Chris and TU want to restore the law’s protections for these waterways that were stripped during the Trump administration, but they’re hoping to do it in a collaborative manner with input from all affected communities. So, as the regulatory and legal processes continues, and we should start to get more news early this summer, TU hopes to “play a role in helping them to find the sweet spot, because, to an extent, we do work pretty well with the agricultural community and developers,” Chris concluded.

Local Chapters Leading the Way

It’s no secret that Trout Unlimited supports wild and native trout and salmon fisheries. Heck, TU’s renewed mission statement reads, “Our mission is to bring together diverse interests to care for and recover rivers and streams so our children can experience the joy of wild and native trout and salmon.” However, the dispute over hatcheries vs wild, self-sustaining fisheries has arguably never been more heated as it is today.

Some local TU Chapters throughout the country are independently taking that mission statement and acting on it. “What we’re seeing now, today, is that local chapters themselves are leading advocacy efforts to get the states themselves to stop stocking hatchery fish on top of wild and native populations of trout.” Chris also highlighted the work of the Native Fish Coalition and groups like Sea Run Brook Trout Coalition that are highlighting many of these regionally specific campaigns to prioritize wild fish over stocking programs.

Salter brook trout. Geof Klane photo

You see, he went on to add that TU was originally founded by anglers who took issue with hatchery fish and wanted to preserve wild fisheries. “So, in a way we’re returning to our roots,” Chris said. Or, to complete the metaphor, TU may be naturally returning to its spawning and rearing waters as the hatchery vs wild and native fish debates intensify.

In the PNW, where seasons are often closed to protect the few remaining wild fish, there is a loud subset of the larger angling community all but giving up on wild fisheries and increasing hatchery output. It’s both sad and unfortunate that these runs are so diminished, without a doubt, but to fully transition rivers to put and take systems would be a worse tragedy. Sure, many of these wild steelhead and salmon runs on the West coast are at single digit percentages of their historic abundance levels. But we know that these fish are resilient and when given the chance with good access to habitat, migration corridors, and some luck with Mother Nature they can recover.

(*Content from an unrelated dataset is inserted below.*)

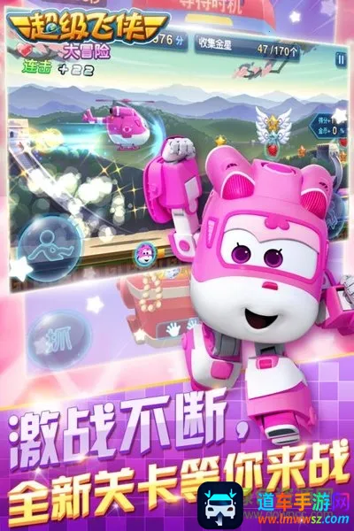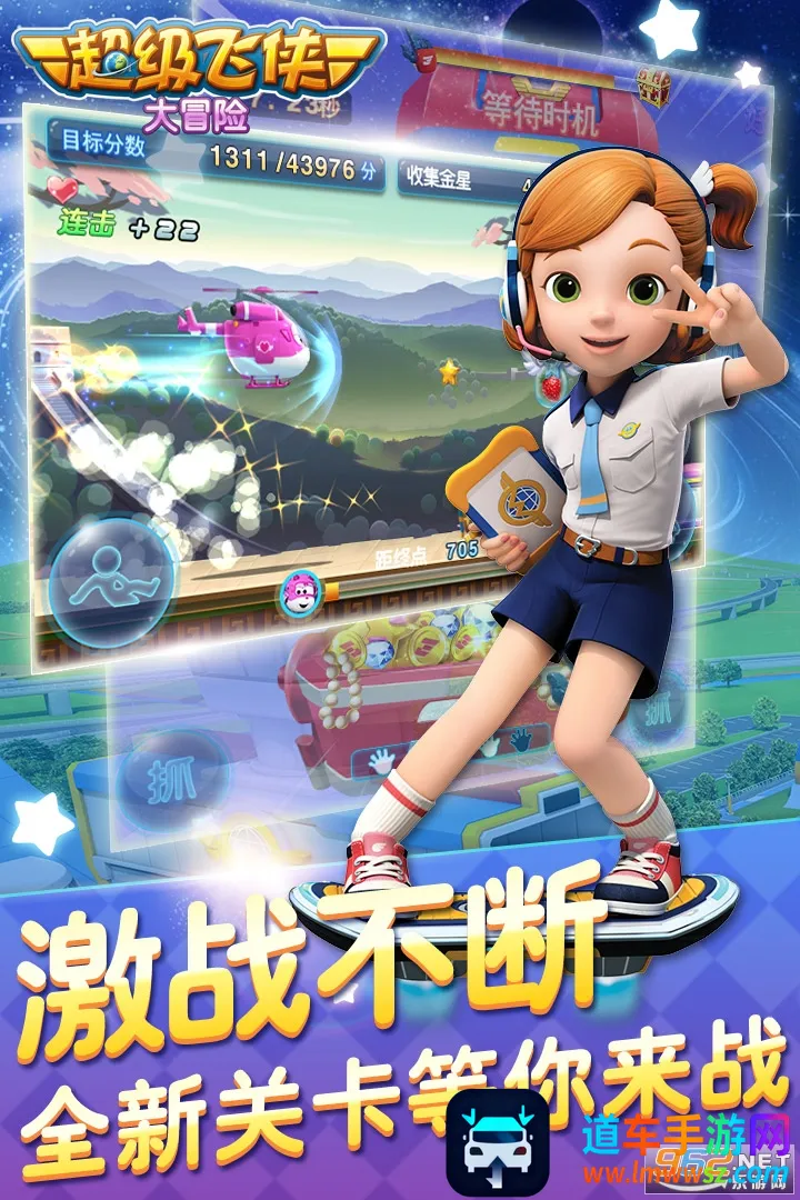 超级飞侠大冒险是获官方正版授权的动作休闲冒险手游。以卡通风格构建世界,有精美画面、简单操作、动感音乐。含丰富玩法,如闯关、探索等,还有多种特色,如道具奖励、多地图更新等,适合各年龄段玩家。

The Elwha is the model when it comes to river restoration, NPS

The success story of the Elwha is the perfect example in support of prioritizing the recovery of wild runs before we actually lose them. In just six years since the dams on the Elwha River were removed, wild summer-run steelhead have returned–and without hatcheries. Last year, scientists conducting a snorkel survey counted more than 300 redds, according to Chris, who, nearly shouting at this point, exclaimed “they recovered their anadromy and ran back to the ocean. It’s amazing!”

Restoring the Snake River and saving these fish, which are capable of coming back, is now TU’s highest priority. And that’s part of what makes wild and native fish so special and sought after–they have evolved over thousands of years and many of them spend most of their lives thousands of miles away from where anglers encounter them. It’s a special connection to nature that has “ruined,” in the best meaning possible, so many anglers. Hatchery fish just don’t have that moxie or history. So, Chris ended our conversation by saying that, “we’ve successfully worked in the Olympic Peninsula to protect while fish by allowing some rivers to have hatchery fisheries and others to be exclusively wild fish. I think that [prioritizing wild runs] is the wave of the future and will become more of an issue for us, but it is going to be wildly controversial.”

Thanks to Chris and TU for sitting down with us to look back over an eventful year and for the work they hope to achieve in this next one.